Point of care ultrasound revealed the following:
Patient also had evidence of pulmonary edema on lung ultrasound and IVC was plethoric with minimal variation with respiration.
Heart Failure
Heart failure is a common illness that presents to the Emergency Department. It affects approximately 2% of the general population in the United States and it encompasses 20% of all hospitalizations.
Precipitants of acute decompensated heart failure (ADHF):
Acute coronary syndrome
Pulmonary Embolism
Valvular disorder: severe aortic stenosis, acute MR, mitral stenosis, chordae rupture
Aortic dissection
Arrhythmias: most common is A-fib
Infection: endo/myo/pericarditis, PNA, other
Anemia
Uncontrolled HTN
COPD
Medication/diet non-compliance
Alcohol/illicit drug use
Endocrine pathology
Uncontrolled diabetes
Thyroid
Medications: NSAID, CCB/BB toxicity
Common symptoms:
Dyspnea on exertion: most sensitive
Orthopnea
Exercise intolerance
Physical exam:
Wheezing
Rales
JVD
S3
Lower extremity edema
Tachypnea, hypoxemia
Work up and what to look for:
EKG: ischemia, dysrhythmias, heart strain pattern (pulmonary embolism, cor pulmonale)
CBC: anemia
CMP: renal function, electrolytes (including Ca/Mag/Phos)
Trop, BNP
CXR: 15-20% of patients with ADHF will lack pulmonary congestion on CXR. Findings may lag 12 hours from onset of symptoms.

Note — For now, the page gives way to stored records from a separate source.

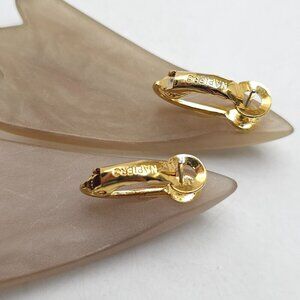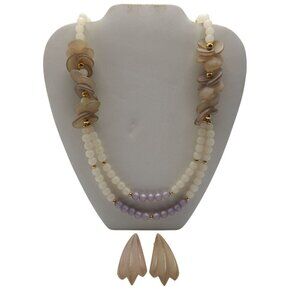 Earrings show minor wear on gold-tone clips. Necklace clasp and beads in excellent condition.
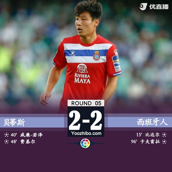 360直播9月20日讯 北京时间9月20日0:30,2021-22赛季西班牙足球甲级联赛第5轮,皇家贝蒂斯主场迎战西班牙人的比赛。上半场比达尔破门,威廉若泽扳平,上半场补时最后一刻费基尔破门反超比分。下半场西班牙人多打一人情况下最后卡夫雷拉绝平,最终皇家贝蒂斯主场2-2西班牙人。
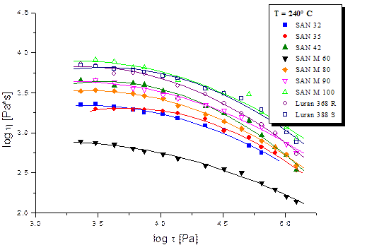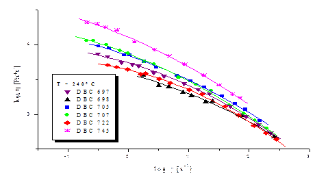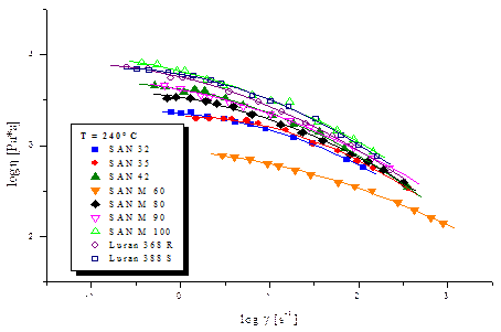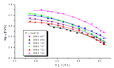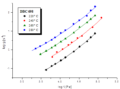 Рис. 8. Экспериментальные данные типичного представителя разветвлённых САН (DBC 698) Общий вид кривых для разветвлённых образцов, в принципе, носит аналогичный характер как и у кривых для линейных САН. Можно отметить, что при тех же значениях напряжений, у разветвлённых образцов скорости деформаций имеют более низкие значения, нежели у линейных. Это опять же можно объяснить с точки зрения конформации полимеров, проще говоря, разветвлённые образцы имеют меньшее число степеней свободы движения сегментов их макромолекул, отсюда и вытекает, что нужно приложить большее напряжение, чтобы полимер стал испытывать необратимые деформации (течь). Теперь перейдём непосредственно к кривым течения (lgη=f(lgγ)) и рассчитанным значениям вязкостей (для определённости вычисленным по приведённым выше формулам для lgγ=1.0 [с-1]). Итак, на рис.9 приведена сравнительная диаграмма вязкостей линейных образцов САН при 240°С, а на рис.10 зависимость lgη от lgγ также при 240°С.
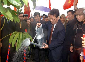 | Chủ tịch nước Trần Đức Lương trồng cây tại khu di tích lịch sử văn hoá Côn Sơn - Kiếp Bạc, huyện Chí Linh (Hải Dương). |
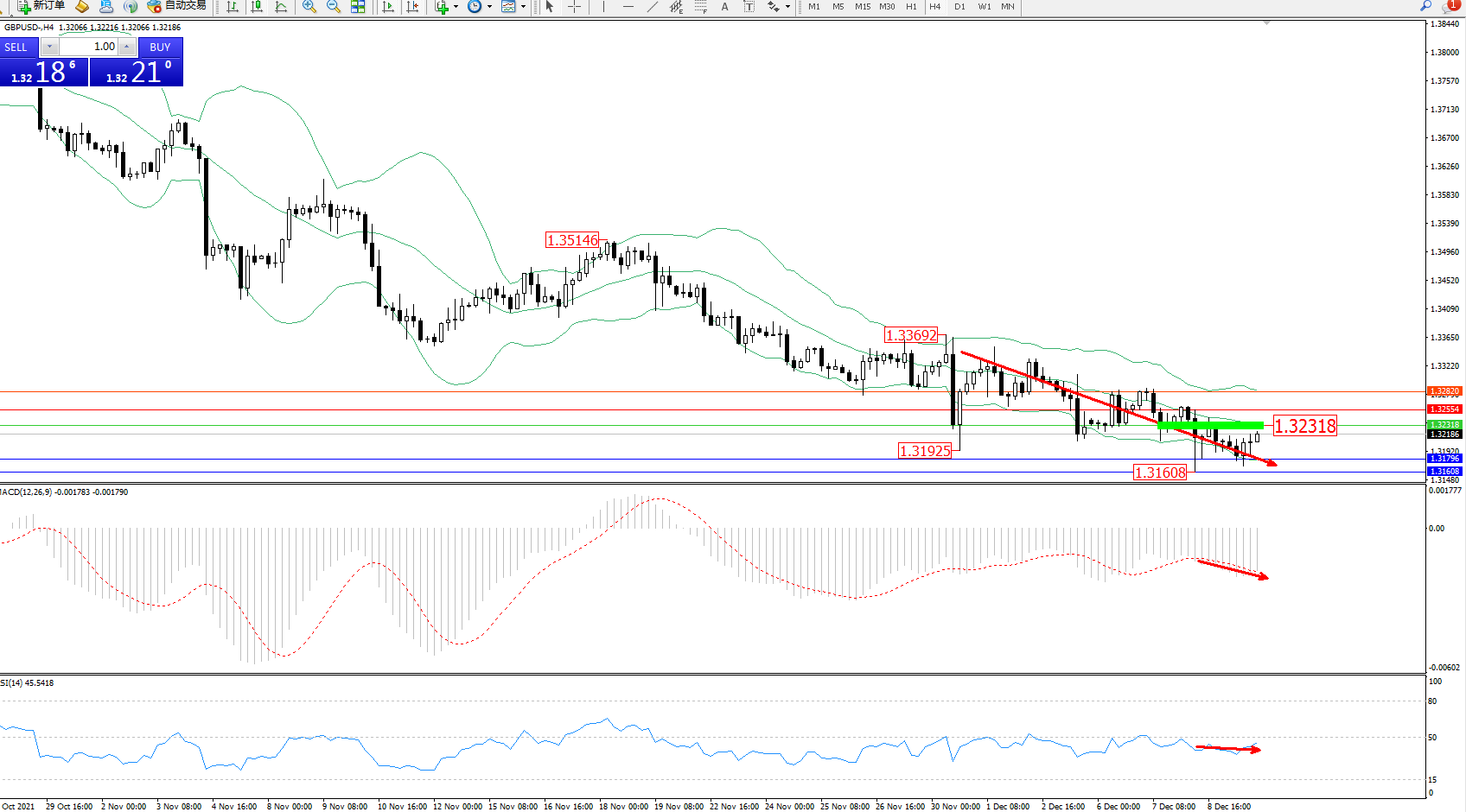 交易策略:1.32318下方看跌,目标1.31796、1.31608
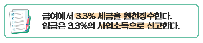 - 급여에 사업소득 3.3%를 적용하는 것은 근로자가 아니라 프리랜서로 계약을 진행하는 것! 법적으로 따지면 사업주와 동업 관계로 간주한다.
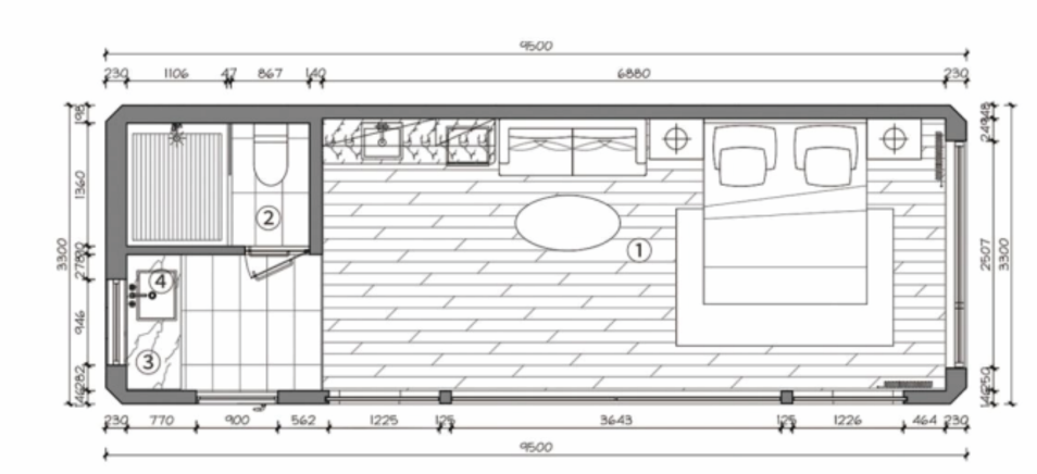 5 | Optional Features | Optional electric pipe heating, mini induction cooker with range hood, mini fridge, custom storage cabinets, and an entrance staircase for enhanced functionality and style. |

Sensitivity 60%. Patients with right heart failure might have a normal size heart.
Other findings: cardiomegaly, pleural effusions, Kerley B lines, peribronchial cuffing, perihilar congestion, cephalization
The Approach
Point of care ultrasound is an invaluable tool when evaluating patients with suspicion of ADHF. With POCUS, one can obtain qualitative measurement of patient’s heart function . Evaluation of acute decompensated heart failure include: ECHO, lungs (b-lines) and IVC.
** Remember pulmonary edema requires presence of 3 or more B-lines in 2 or more fields bilaterally **
Image Acquisition
At least 2 views!
PLAX: global function
PSAX: regional wall motion abnormalities, right heart strain
Apical: global function, apex, right heart strain, valves
SubX: global function, pericardium
Management
Treat underlying precipitant
Non-hypotensive patients: NIPPV, nitroglycerin, diuretics (after NIPPV and nitro!)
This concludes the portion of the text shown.